Done is earned: what happens when you put a default-FAIL evaluator in the close path of an autonomous coding loop

A field report from building completely — written from the incident log of the harness building itself. Every failure below is real, dated in the repo's history, and shipped with a contract test so it can't come back.

The problem nobody's gate catches

Autonomous coding agents don't usually fail loudly. They fail politely:

"All tests pass" — no output attached.
A feature quietly becomes a stub, because the full version was hard.
A failing test gets skipped, and the suite goes green.
A task closes "done" with the code never committed.
The code passes every test and is still wrong — because the tests exercise a mock, and the production path never runs.

The standard responses — a longer CLAUDE.md, a "be careful" prompt, a self-review step — share one flaw: they ask the same agent that did the work to grade the work. Agents systematically over-grade themselves. Not maliciously; the trajectory that produced the bug also produces the justification for it.

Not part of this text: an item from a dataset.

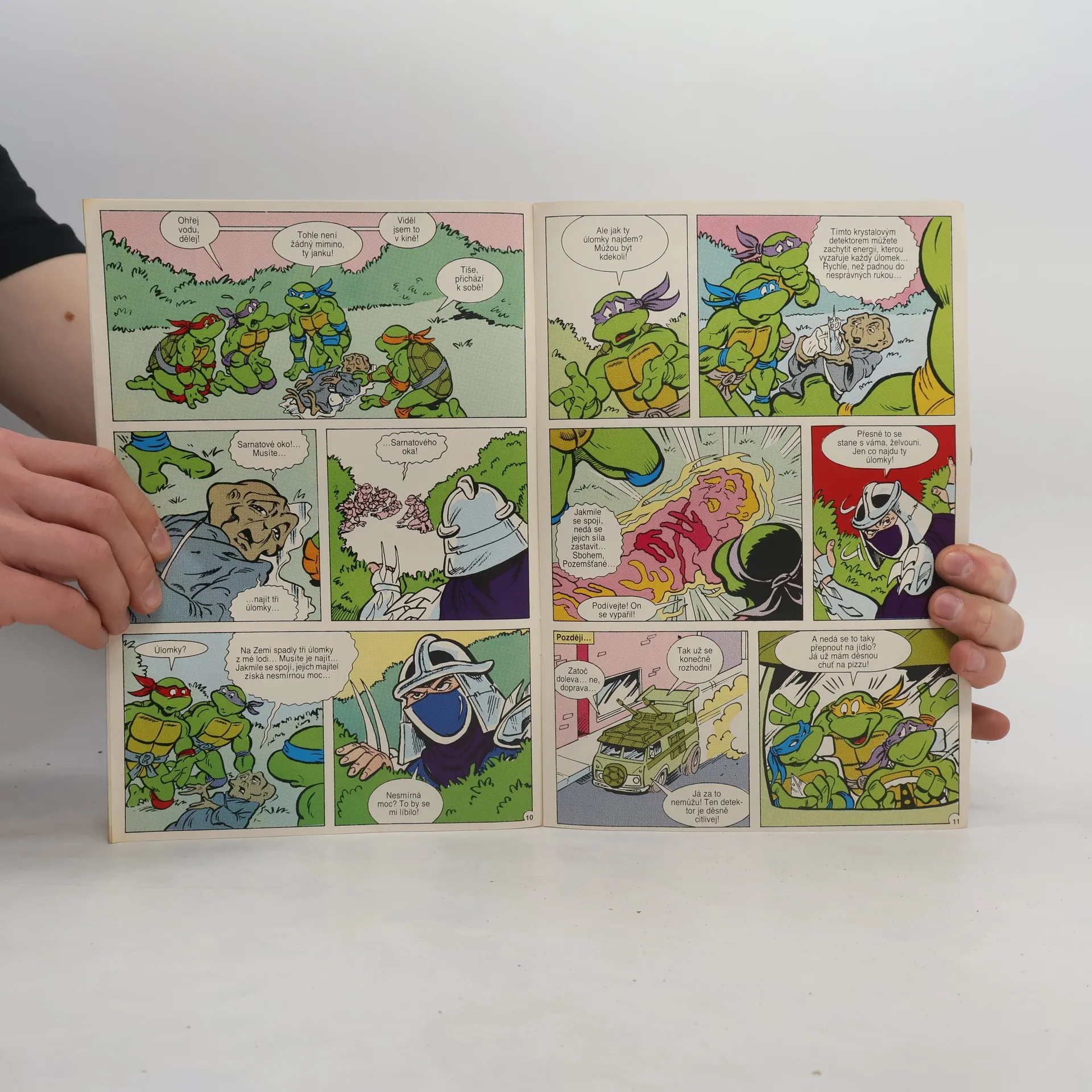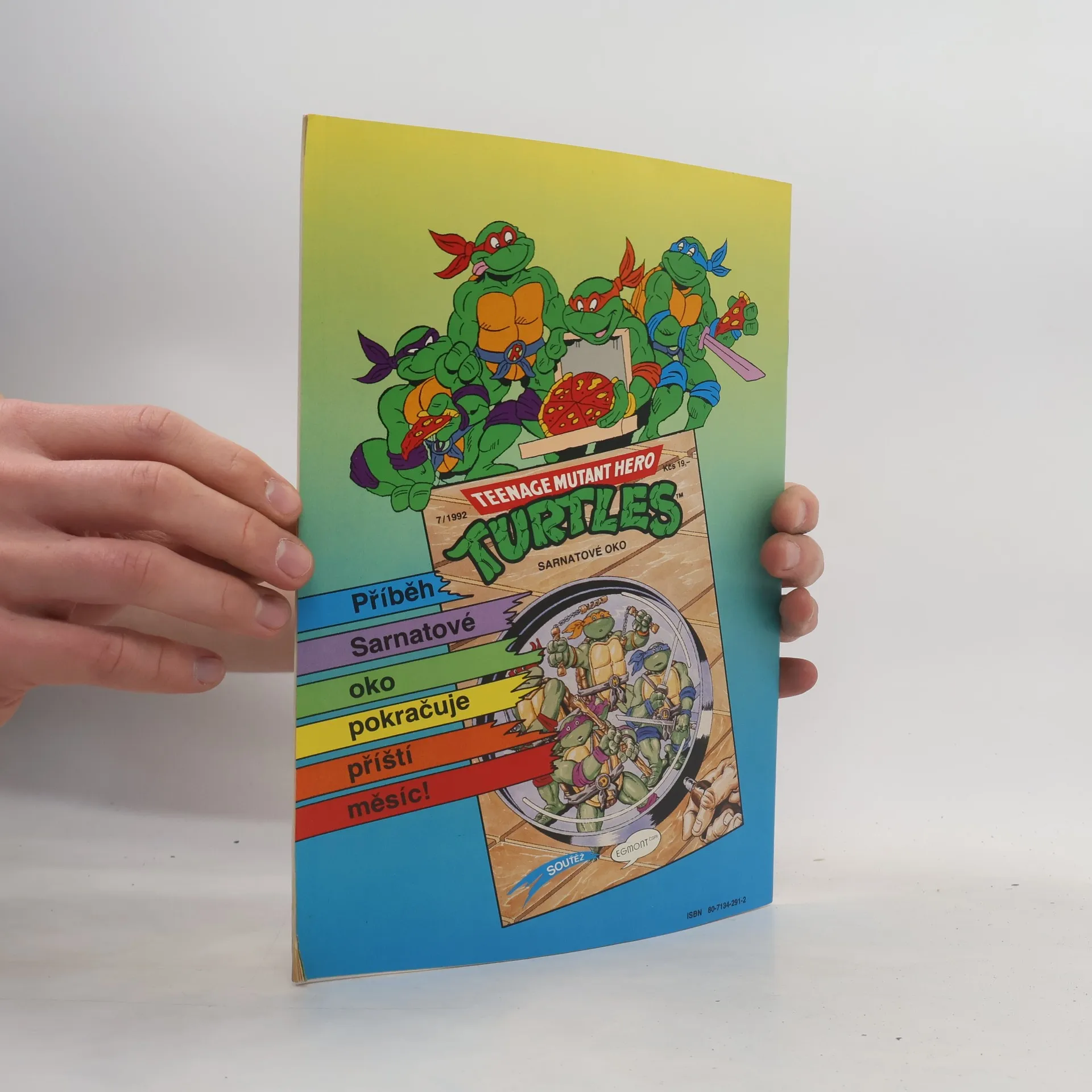 Příběh: Sarnatové oko I Sešit ze serie příběhu neunávných želvých bojovníků a milovníků pizzy - Donatellem, Michelangelem a Raffaelem. A nejen s nimi se setkáte, ale také s April O'Neilovou, atraktivní reportérkou, s Třískou, učitelem starého japonského bojového umění nindžutsu, a samozřejmě s Trhačem, jejich úhlavním nepřítelem, který chce ovládnout celý svět...

The fix we bet on is structural, not rhetorical: an independent, read-only evaluator that runs at the end of every task, starts every acceptance criterion at FAIL, and only flips a criterion to PASS on evidence it re-ran itself. The loop will not close a task the evaluator rejected — bd close is physically gated behind the verdict, next to a commit-before-close hook and a binding-findings hook, all of which refuse with a non-zero exit rather than a polite warning.

"Done" stops being an assertion. It becomes a verdict.

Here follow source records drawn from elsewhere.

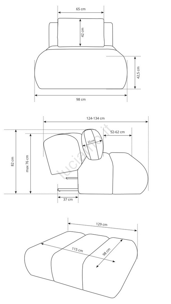 • La profondità della seduta 52-62 cm offre spazio sufficiente per una seduta rilassata ed ergonomica.
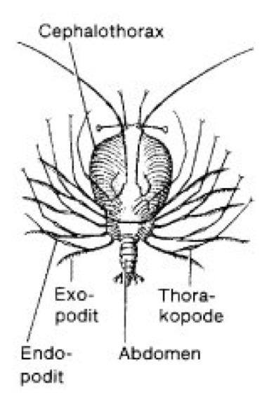 Phyllosomas [von *phyllo- , griech. sōma = Körper], Phyllosomalarve, Blattkrebs, Larve der Palinura (Bärenkrebse und Langusten); entspricht etwa einer Zoea, unterscheidet sich von dieser aber durch den breiten, flachen Carapax und andere Anpassungen an die pelagische Lebensweise ( vgl. Abb. ).
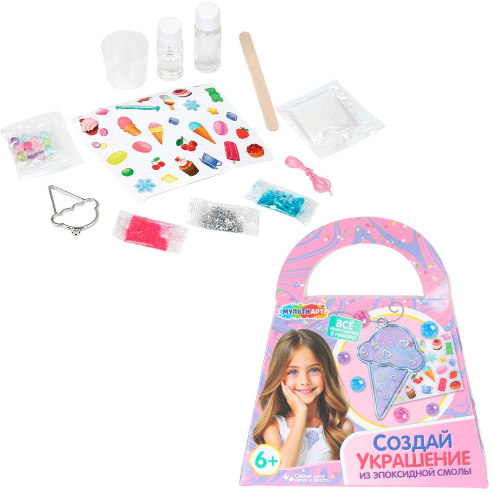 Набор для создания украшений из эпоксидной смолы «Мороженое» ТМ «Мульти Арт» - отличный подарок для маленьких модниц.
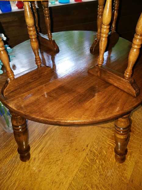 Tan pronto como se haya secado el poliuretano, tienes una bonita mesa final acabada. Que en este caso era sólo $7,50
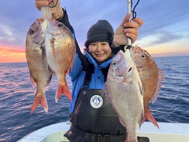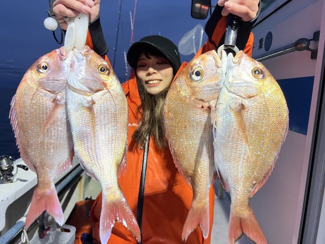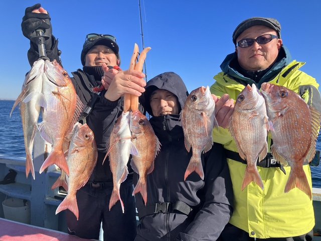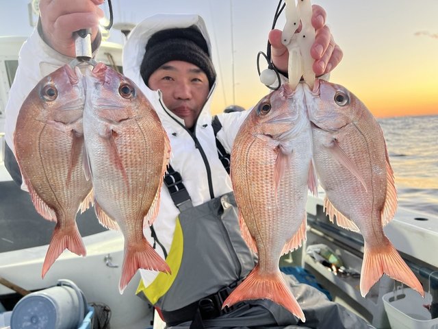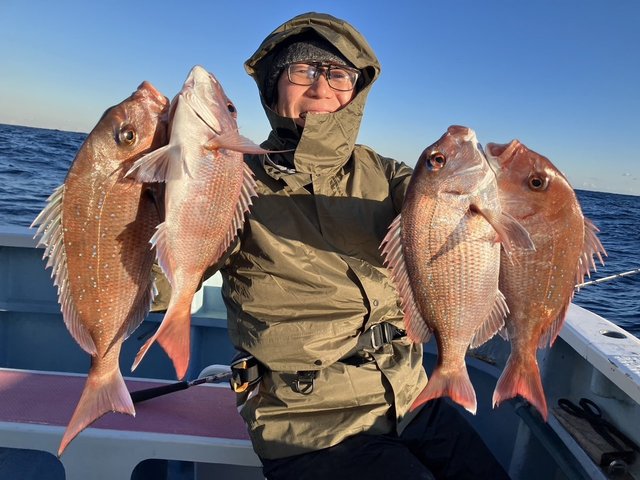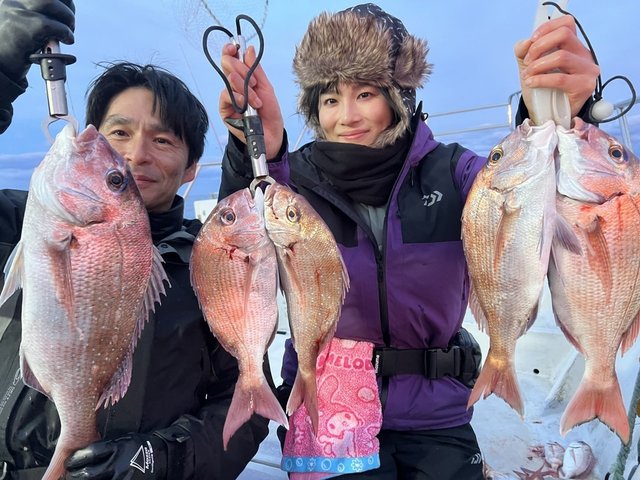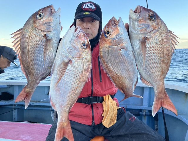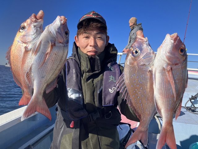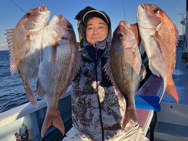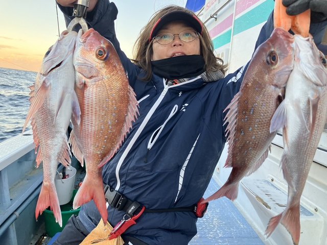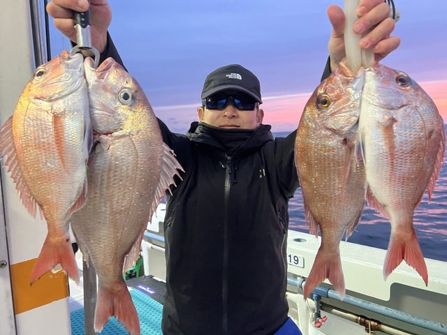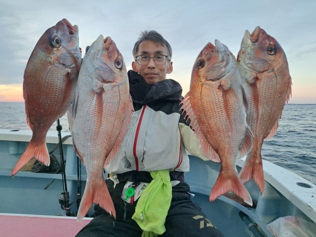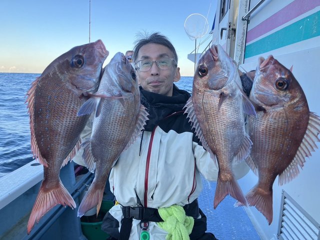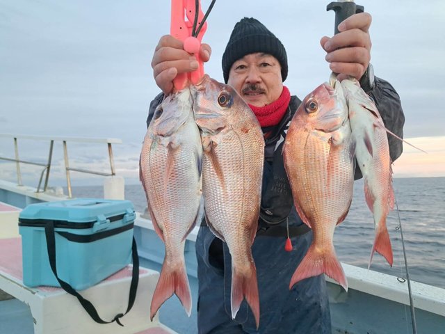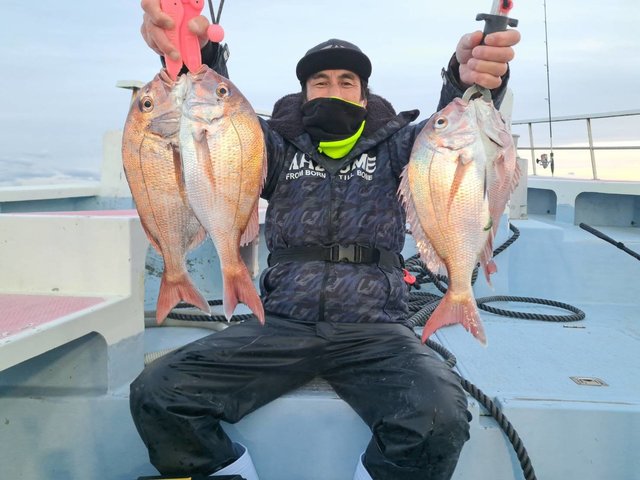 0.30~1.00kg 0~16匹 マダイ 0.40~1.00kg 2~21匹 ★★★活き海老エサでの一つテンヤマダイ釣り♪★★★ 活きエビエサは、こちらで準備しております。 エサの追加料金は頂いておりません。 (準備できない場合は冷凍エビとなります。) テンヤはご用意をお願い致します。 <マダイ船1> 一つテンヤでのマダイ釣りです。反応多く、入れパク!…とはいきませんでしたが、コンスタントに型が見られ、多彩な外道混じりで皆さんお土産になりました。 外道:ハナダイ、カサゴ、ウマヅラ、オオニベ、マハタ、メバル、イナダ、カワハギ。 <マダイ船2> 一つテンヤでのマダイ釣りです。本日は反応広範囲に有り真鯛の活性良くTOP21匹。2番手20匹2名、次15匹2名。8割以上の方が10匹以上と絶好調!!平均サイズも良く皆さん楽しめました。明日また頑張ります。 外道:ハナダイ、オオニベ、カサゴ、カワハギ、イシダイ、イナダ。 ***キャビン内、店内はマスクの持参着用をご協力お願い致します*** <今後の予定>***集合時間まえにはお越しください。 午前船:4時30分船宿集合…マダイ船、ヒラメ船。 午後船:10時30分船宿集合…マダイ船。 定休日:第2火曜日(1/14) (*状況により予定が変わることもございます。前日に確認のお電話をお願い致します。) <ご予約・お問い合わせはこちらへ> 090-2155-0500(午前9:00~午後8:00まで) キャンセルにより他のお客様へご迷惑をおかけしてしまう事もありますので、キャンセルの無いようご予約をお願い致します。 <乗船名簿について> ①お名前(フルネーム)、②住所、③緊急連絡先の電話番号、④年齢、⑤性別 ①~⑤まで記入し可能であれば、持参お願い致します。

That's the design. What follows is what it actually caught — and, more interestingly, the three times the harness itself turned out to be lying, and what each incident added to the evaluator.

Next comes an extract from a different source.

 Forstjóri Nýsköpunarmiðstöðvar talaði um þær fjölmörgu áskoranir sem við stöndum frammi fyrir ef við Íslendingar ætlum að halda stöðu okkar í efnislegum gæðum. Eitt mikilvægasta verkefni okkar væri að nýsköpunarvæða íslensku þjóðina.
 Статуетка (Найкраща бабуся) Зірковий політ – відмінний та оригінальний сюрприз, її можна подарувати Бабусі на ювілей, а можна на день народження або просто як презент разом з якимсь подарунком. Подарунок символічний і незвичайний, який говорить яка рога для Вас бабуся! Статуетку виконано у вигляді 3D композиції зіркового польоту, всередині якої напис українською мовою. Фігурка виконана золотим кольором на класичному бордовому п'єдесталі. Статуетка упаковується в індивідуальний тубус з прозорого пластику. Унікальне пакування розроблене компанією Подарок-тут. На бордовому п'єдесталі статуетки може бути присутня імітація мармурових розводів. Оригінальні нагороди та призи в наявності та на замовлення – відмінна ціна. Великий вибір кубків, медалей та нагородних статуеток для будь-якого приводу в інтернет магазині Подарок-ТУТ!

Incident 1: the crash that shipped fully green

The loop's parallel dispatcher (greedy dispatch of tasks with disjoint write-zones to concurrent fresh-context workers) shipped with a 9/9 passing self-test and a clean --dry-run. The evaluator ACCEPTED it.

In the first real run, the spawn loop crashed instantly: a bash array expansion (${!PID_TASK[@]}) was malformed in exactly the branch that only executes when a real worker is spawned. The unit-style self-test drove the selection logic with mocks; the dry-run short-circuits before spawning. Both were green. Neither ever executed the production path.

What it added: the Path-Exercised dimension, now a standard (non-optional) step of the evaluator. For every behavioral criterion: name the real runtime entrypoint, confirm the cited evidence drives that entrypoint end-to-end, and demand a negative control — break the implementation along its failure surface and show the cited test goes red. A test that stays green when the implementation is broken is vacuous, and "tests-green" stopped being acceptable evidence on its own. The cheap convention for orchestration code: drive the real loop with a mock backend (CMP_CLAUDE_CMD=true), so the spawn/reap path actually runs without LLM spend.

Incident 2: the evaluator rejects the fix for incident 1 — twice

The task that implemented Path-Exercised was itself submitted to the evaluator. It REJECTED the work. Twice.

First rejection: the "evidence" was a narrative — a well-written description of a negative control, not a reproducible artifact anyone could re-run. Second rejection: the negative-control procedure asked the (read-only) evaluator to edit files, which it cannot do, and the rule over-applied to pure functions where a unit test is the production surface.

The work only passed once the negative control existed as committed fixtures (a broken-A / fixed-B pair under plugin/tests/fixtures/path-exercised/), the verification step was re-written to be read-only-executable, and the rule got an explicit pure-logic carve-out.

This is the part we'd underline for anyone building a harness: the value of a default-FAIL gate is not that it catches bad work — it's that it catches plausible work. The fix for the verification blind spot was itself plausibly-but-not-actually verifiable, and only an evaluator with a "no reproducible evidence = FAIL" rule refused to take the story for the artifact.

Incident 3: the watchdog murders a healthy worker

Used on a real product build, the unattended loop stopped overnight with STOPPED — INCOMPLETE, an orphaned in-progress task, and uncommitted work. The post-mortem was embarrassing in the best way:

The stall detector measured "time since the last task closed". Its threshold (600s) was lower than the per-worker timeout (1800s). Any honest task that takes longer than ten minutes — normal for a TDD-plus-reviewers pipeline — was killed while healthy and within its own budget.
The self-test for the stall detector proved it fires on a wedged loop. It never proved it doesn't fire on a slow healthy worker. A false-positive is indistinguishable from a pass in a test suite with no negative control — the same class of lie as incident 1, one layer up.
Worse: the recovery doc said "just re-run, interrupted tasks are left open." They aren't — an interrupted task is left claimed, the ready-queue filter skips claimed tasks, and a re-run silently ignores it. The "resumable" claim was false in exactly the scenario it described.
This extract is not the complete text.